● WORK ORDER
Leaving out every picture, quote the data below exactly as it appears.

● PROVIDED MATERIAL
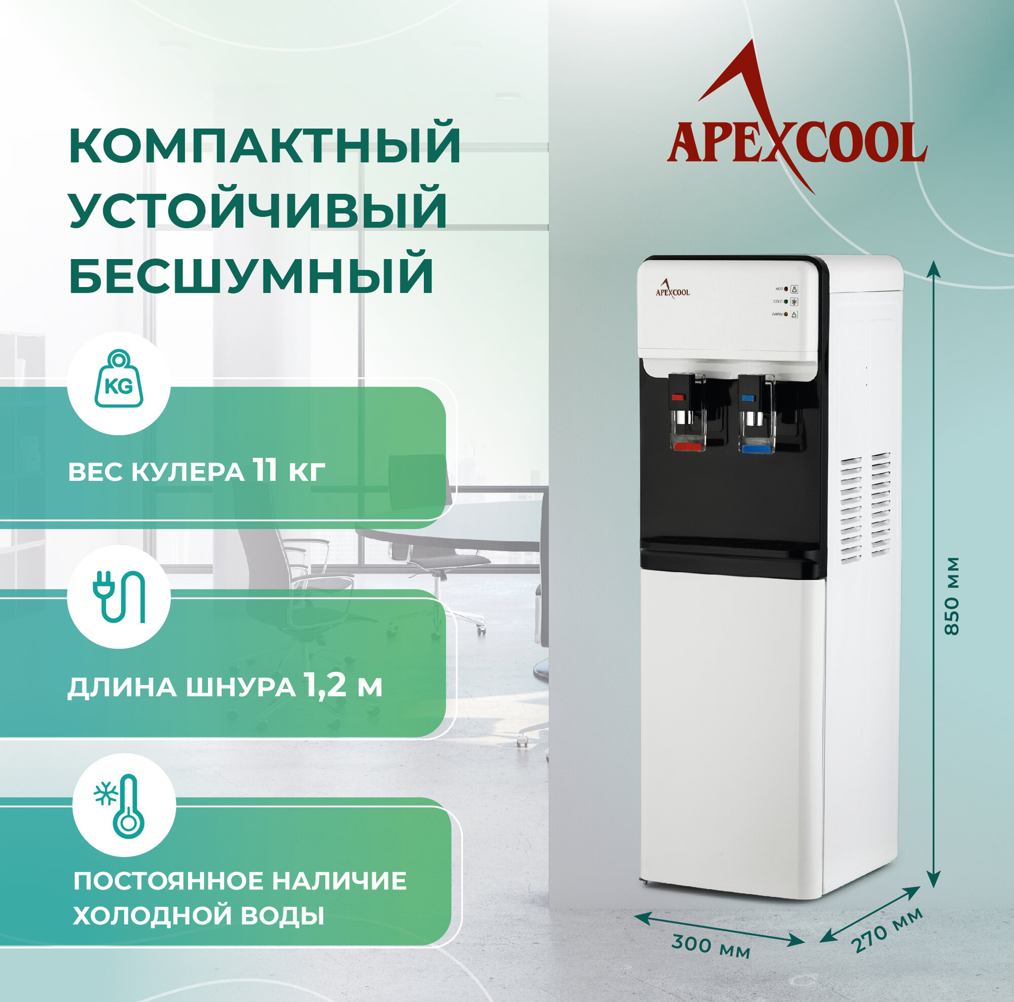 Кулер для воды напольный со шкафчиком APEXCOOL 07 LE белый нагрев и охлаждение интересное:
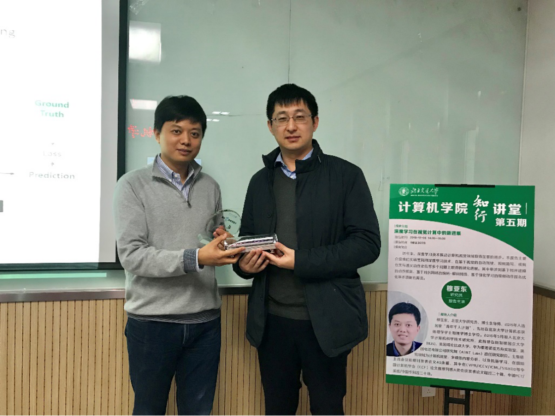2018年12月6日, 搜书吧 “知行讲堂”第五期邀请到北京大学计算机科学技术研究所研究员穆亚东做了题为《深度学习在视觉计算中的新进展》的精彩报告。
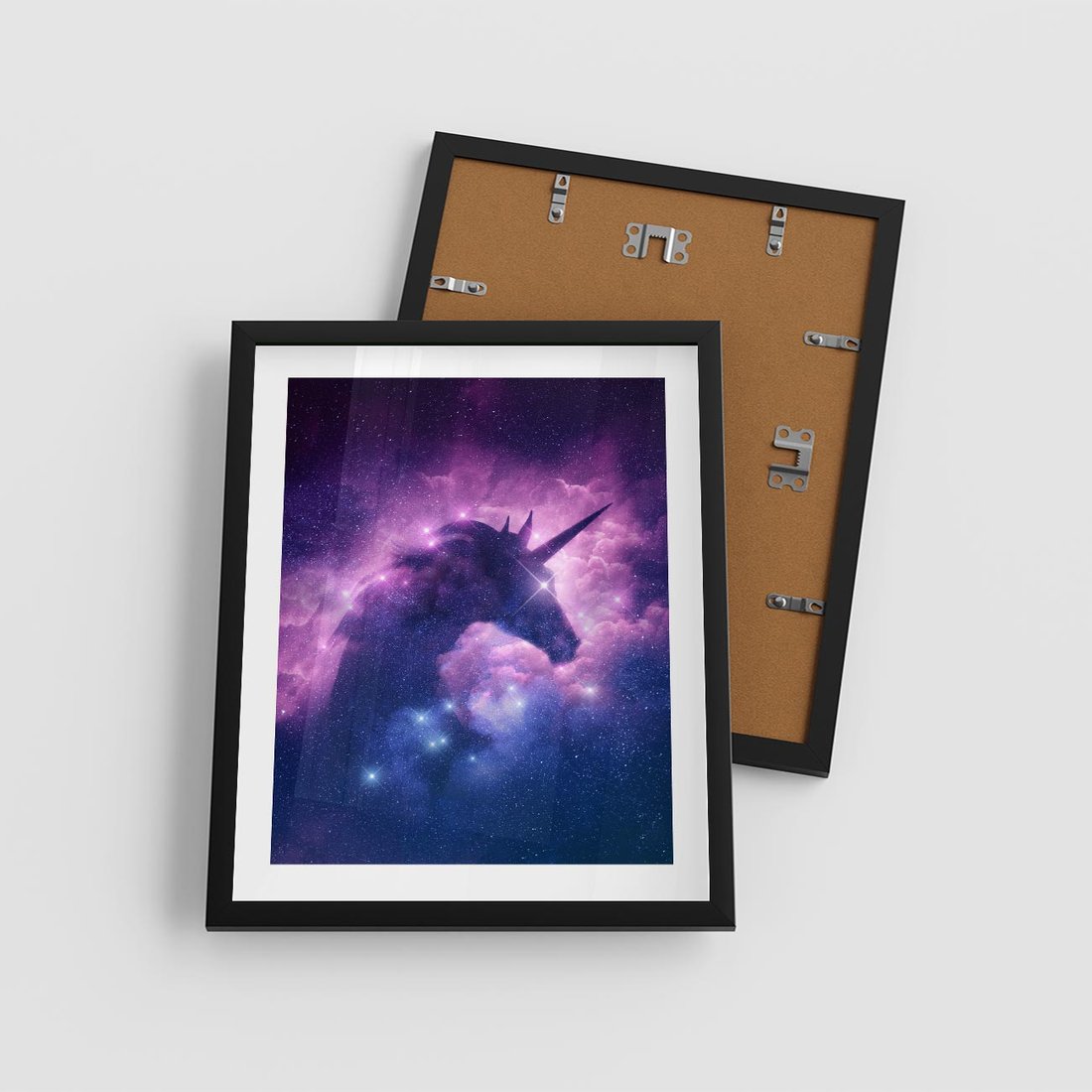 Przenieś się w nieodkryte rejony kosmosu w towarzystwie jednorożca na obrazie. Odczuj magię i tajemniczość tego stworzenia, przenikając w świat fantazji i wyobraźni.

● RESPONSE TO THIS TASK
 Кулер для воды напольный со шкафчиком APEXCOOL 07 LE белый нагрев и охлаждение интересное:
2018年12月6日, 搜书吧 “知行讲堂”第五期邀请到北京大学计算机科学技术研究所研究员穆亚东做了题为《深度学习在视觉计算中的新进展》的精彩报告。
 Przenieś się w nieodkryte rejony kosmosu w towarzystwie jednorożca na obrazie. Odczuj magię i tajemniczość tego stworzenia, przenikając w świat fantazji i wyobraźni.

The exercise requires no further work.